Like a meter for this confidence, the petrol gauge arrowed toward empty. The hollow space in his gut expanded, the pressure causing his temples to throb as dawn crept closer. His vision clouded, the iris of black contracting until all he could see was dead ends.

Kevin almost missed the shop and had to reverse to check it out.

It was on a quiet back street a few blocks from the Brunswick Street Mall, surrounded by tin sheds and sagging, decrepit houses. Boards covered the windows, spray-painted warnings of No Trespassing discernible under the tags and graffiti.

Hope flared. His vision cleared; the weight on his chest lifted. He could just read the faded Merle's Coffee sign fixed to the stained bricks of the front wall. At the rear, he found a lane and loading dock that suited perfectly. He used the tyre iron to break the chain. The metal door slid up with a rusty screech. Cobwebbed crates and bits of esoteric machinery cluttered the bay, but he had room to park the Monaro.

Bugs scuttled in the headlights. The smell of coffee lingered in a musty mix of dust and mildew that made his nose itch. This could be it — sanctuary.

A quick look around revealed a large, empty space backing on to the dock, and an office and reception at the front.

He crept up creaky wooden stairs. His eyes adjusted until he could see the webs and vermin shit.

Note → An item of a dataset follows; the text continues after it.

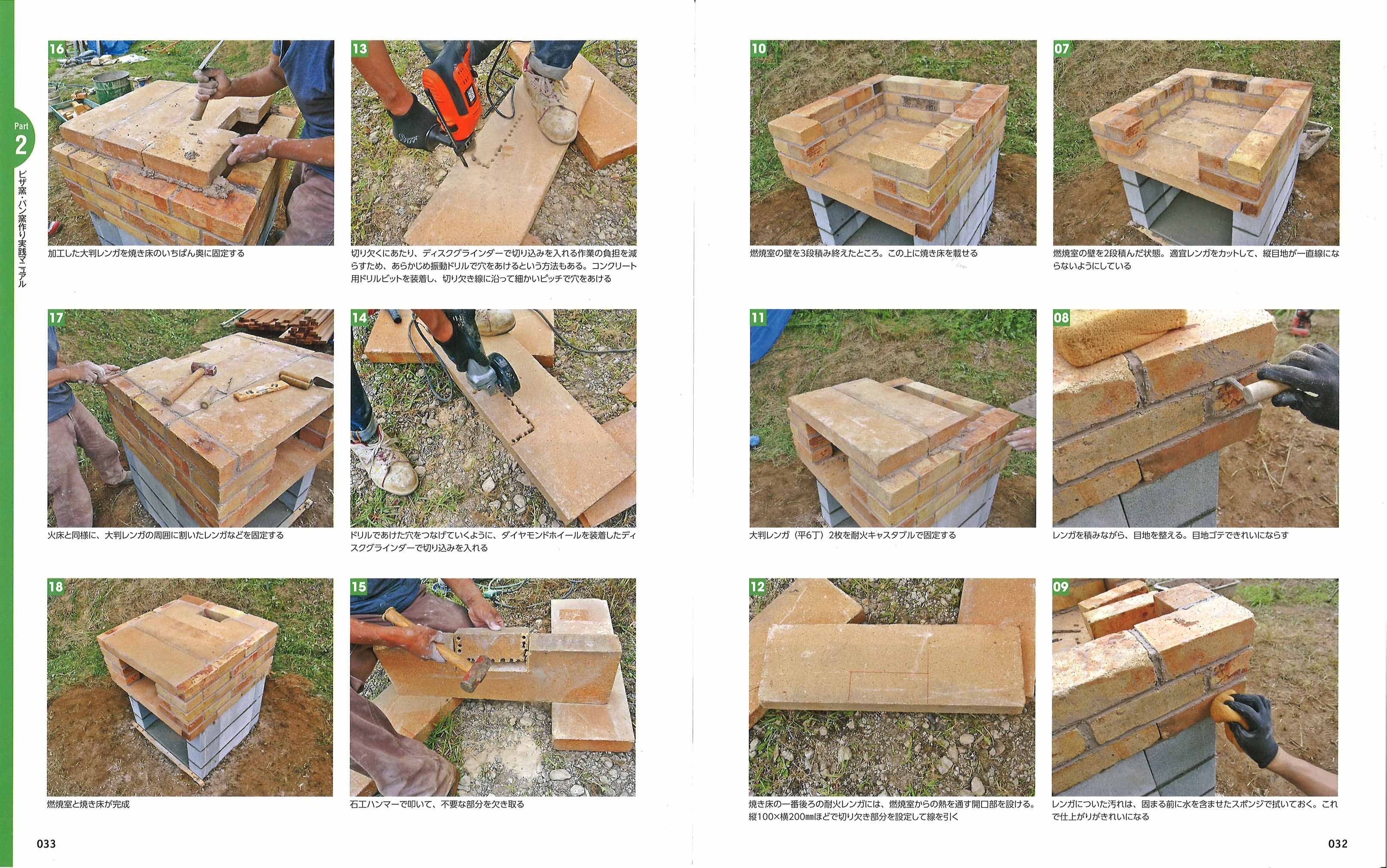 実際に編集部でレンガをつかって製作したピザ窯づくりのプロセスを詳細に写真入りで説明。レンガ加工のコツもバッチリ紹介。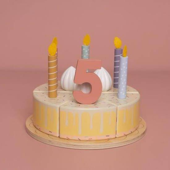 - Urodzinowy torcik drewniany od Little Dutch malowany bezpiecznymi farbami dla dzieci. W skład tortu wchodzą: 6 kawałków tortu, 5 świeczek, 3 kuleczki bitej śmietany, 3 dekoracje w kształcie słodkości, 2 zwierzątka, łopatka do nakładania, cyferki.

Dirty water flowed from the tap in the kitchen, gradually running clear. The initial shriek of the pipes made him wince. He hadn't been aware of his ramped-up hearing scanning for any hint of danger, but he felt it retreat from the piercing noise, filtering back to a less painful level. He was ready for the scream and rattle when he tested the taps in the bathroom with its crusty shower-head, brown-stained bath and toilet. He could smell rotten wood; if he concentrated, he could hear the drip-drip-drip of the hidden leak, the scuttling of cockroaches and rats behind the walls, the munching of termites.

There was no hot water, no bulbs for him to test the lights. He imagined the power had long been cut off. But this place would do. Hell, yes, anything to get out of sight and out of the sun.

He returned to the car and nestled into the driver's seat. The night was almost spent. His energy drained away; finally, he could stop running, take stock, rest.

He checked his map once more. He'd made a list of tattoo parlours from a search at an internet café, leaving the coffee untouched but filling several pages of a notebook with addresses. It was a massive task, with more than fifty parlours just in the central city area. He'd marked the locations as accurately as he could on the map. One of them, he hoped, would lead him to the Needle; and the Needle would lead him to Mira. Hungry and impatient, he folded the map and fumbled with the tuner until he locked on to the strongest FM signal he could find. Talking Heads were singing about running away from a psycho killer. He laughed, the sound brittle and humourless. He settled back, closed his eyes, tried not to think of the odds against him succeeding.

He could understand Danica not wanting him to kill Mira: Dee was her biological mother, after all. But Kala?

Her words came back to him, the two of them arguing as he packed his duffel bag. 'Don't pretend this is about me,' she'd said. And he saw her again, fingering her ear lobe, the flesh smooth now, no sign of the hole left by Mira's savage removal of the silver earring.

It wasn't about Kala, or the things that had been done to her.

'Don't go,' Danica had told him, even though she admitted there was nothing more for her to teach him. 'Killing Mira will resolve nothing.'

Fresh is best. Straight from the vein

Taipan, as though he was saying it for the first time.

So much for a dish best served cold.

He was Taipan's child. That was true. And an orphan twice over. Taipan had also died. And maybe he had found the peace that eluded him in preternatural life. But both Mira and her right-hand man, Hunter — Kevin always thought of the man by his rank, not his name — had survived.

While Kala, Danica and he had escaped — skulking at the arse end of the country, living like leeches in the mud and tropical heat — it did not feel like victory. Not while Mira was free.

Kevin turned off the radio and covered himself with a coat as he laid his seat down, lacking even the strength to crawl into the back.

Dawn came, thin lances of sunlight glowing in the dust. The hunt would begin at sundown.